Ryan on Thursday accompanied Hamilton to a stewards' review of the Australian race's final three laps. The outcome had the sport's sanctioning body, the International Automobile Federation (FIA), concluding both McLaren employees misrepresented or concealed facts, that is, they lied.
Whitmarsh said Ryan "had not been full and truthful" and that Hamilton "was not entirely truthful" when the two spoke to stewards at the Sepang International Circuit. Whitmarsh said McLaren had no alternative but to suspend Ryan. Ryan joined McLaren in 1974 and held posts including chief mechanic and factory manager before becoming sporting director.
Race officials punished Toyota's Jarno Trulli, dropping him from third to 12th, for passing Hamilton under a safety car near the end of the race in Melbourne. They had not reviewed radio and video evidence before that ruling. When they learned Hamilton told reporters after the race he had been told to let Trulli pass him after Trulli had gone off course, stewards revisited the incident.
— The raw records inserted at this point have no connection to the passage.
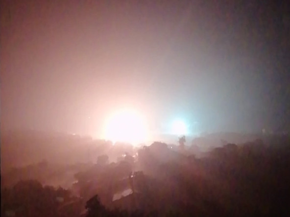 通过图片看到,黑夜被一道火光划破,似乎真如爆料者所说有两台变压器着火了。
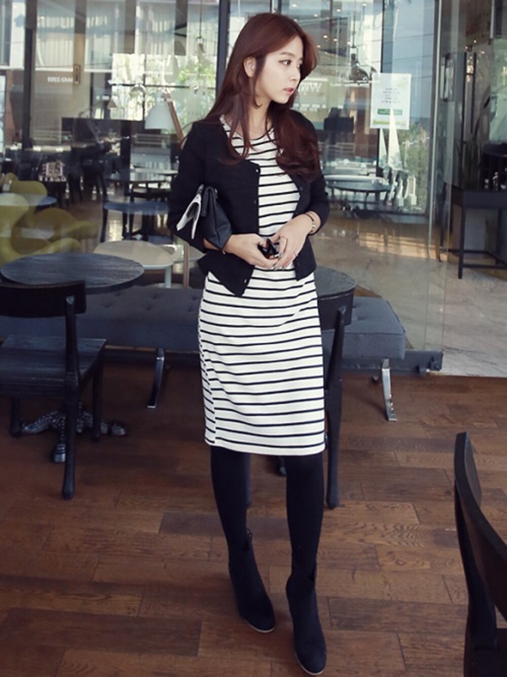 授乳服としても使える、ルクリアのマタニティワンピース&カーディガンを黒のタイツと黒のクラッチバッグを合わせたコーデです。
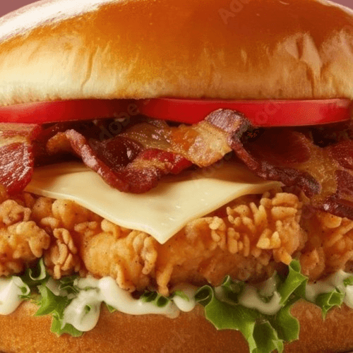 Bun kaiser yellow corn, add butter, honey mustard, half strips bacon, American cheese, single or double crispy chicken, lettuce tomato
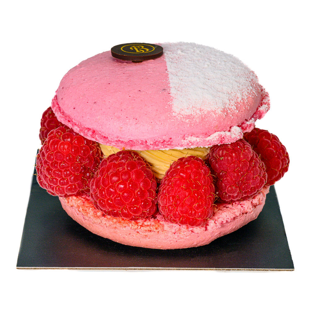 Macaron framboise - Ganache pistache - Confit framboise, framboises fraîches.

Trulli was third and Hamilton fourth when a safety car came on course after Robert Kubica and Sebastian Vettel knocked each other out of the race. Trulli slid wide on the next-to-last corner of the Albert Park course and was off course when Hamilton went by. At that moment, Hamilton held third place legitimately. But he was advised to let Trulli retake the place, which set up an illusion that Trulli passed Hamilton illegally.
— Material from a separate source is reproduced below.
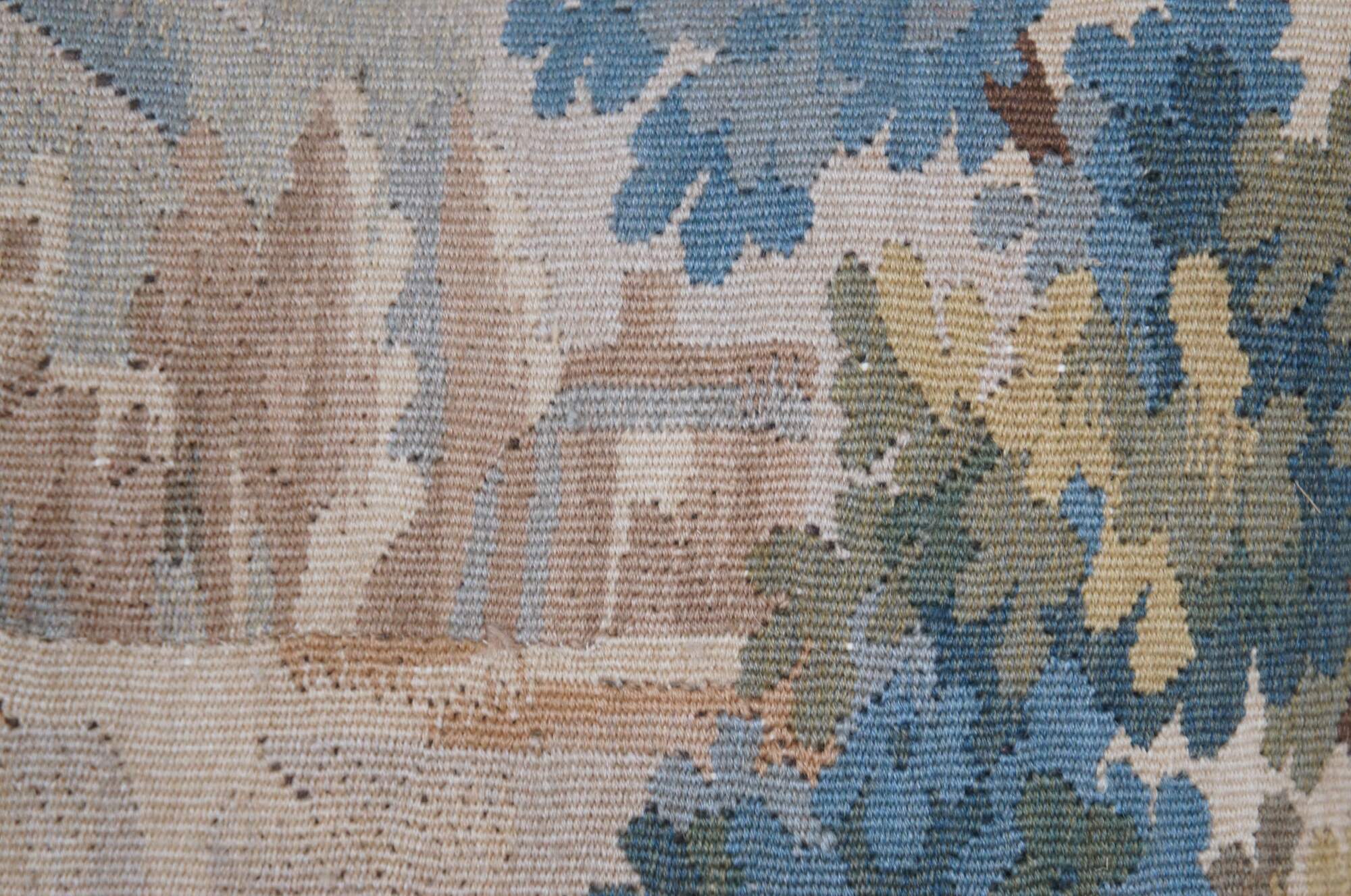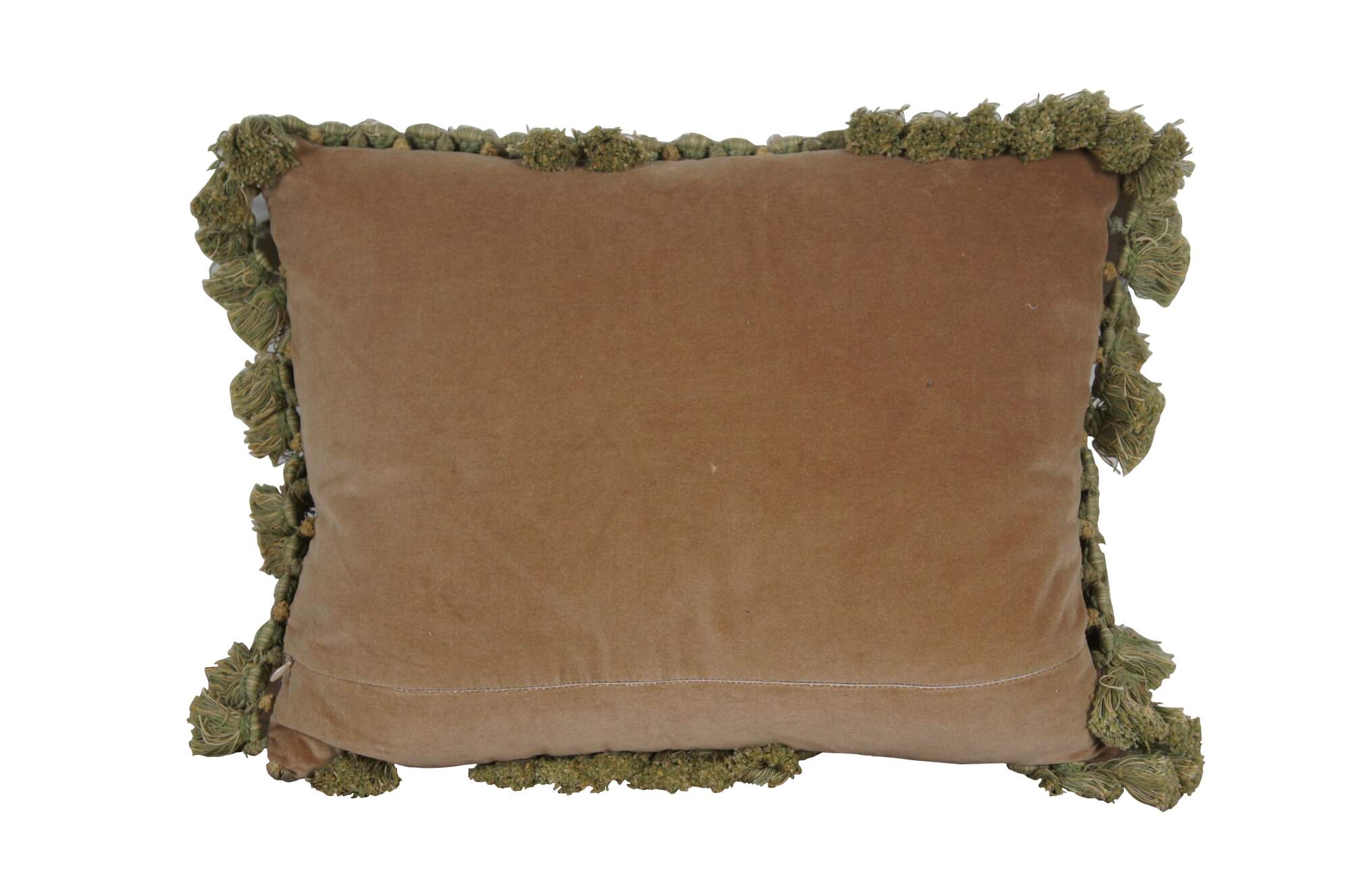 20th century French Aubusson style rectangular lumbar / throw pillow, embroidered with a cottage in a forested landscape, with a castle in the background. Cream and green tassel trim. Light brown velour back with zipper closure. Down filled.

Hamilton has not clarified why he was unclear when he and Ryan met stewards' Thursday. He wouldn't be drawn on the topic during Thursday's prerace news conference. British tabloids have villified the world champion and an FIA representative has suggested he could face suspension or ejection from the championship. Elimination of the reigning world champion from the championship is highly doubtful and his team, stripped of all points in a spy scandal a year and a half ago, is apologizing like mad.
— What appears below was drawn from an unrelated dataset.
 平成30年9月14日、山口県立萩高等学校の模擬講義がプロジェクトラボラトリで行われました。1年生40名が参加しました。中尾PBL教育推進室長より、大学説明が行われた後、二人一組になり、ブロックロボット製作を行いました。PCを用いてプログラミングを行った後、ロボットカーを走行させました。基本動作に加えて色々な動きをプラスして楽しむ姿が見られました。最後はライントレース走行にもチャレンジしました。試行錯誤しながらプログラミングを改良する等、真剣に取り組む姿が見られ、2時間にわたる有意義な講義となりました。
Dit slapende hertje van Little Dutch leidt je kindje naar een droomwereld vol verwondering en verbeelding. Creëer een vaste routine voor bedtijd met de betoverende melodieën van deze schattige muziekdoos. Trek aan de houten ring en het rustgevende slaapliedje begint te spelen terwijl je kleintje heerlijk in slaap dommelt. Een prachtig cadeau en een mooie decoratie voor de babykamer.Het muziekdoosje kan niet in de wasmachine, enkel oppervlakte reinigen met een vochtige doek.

Whitmarsh told reporters Friday that Ryan "did not set out with a deliberate intention to mislead but during the course of the meeting he was not as clear as he should have been. He made a very serious error of judgment and is paying the consequences for that."
Whitmarsh characterized Ryan and Hamilton's meeting with stewards as a bad decision in "the heat of the moment."
"They were trying to deal with a situation and they got it wrong," Whitmarsh said.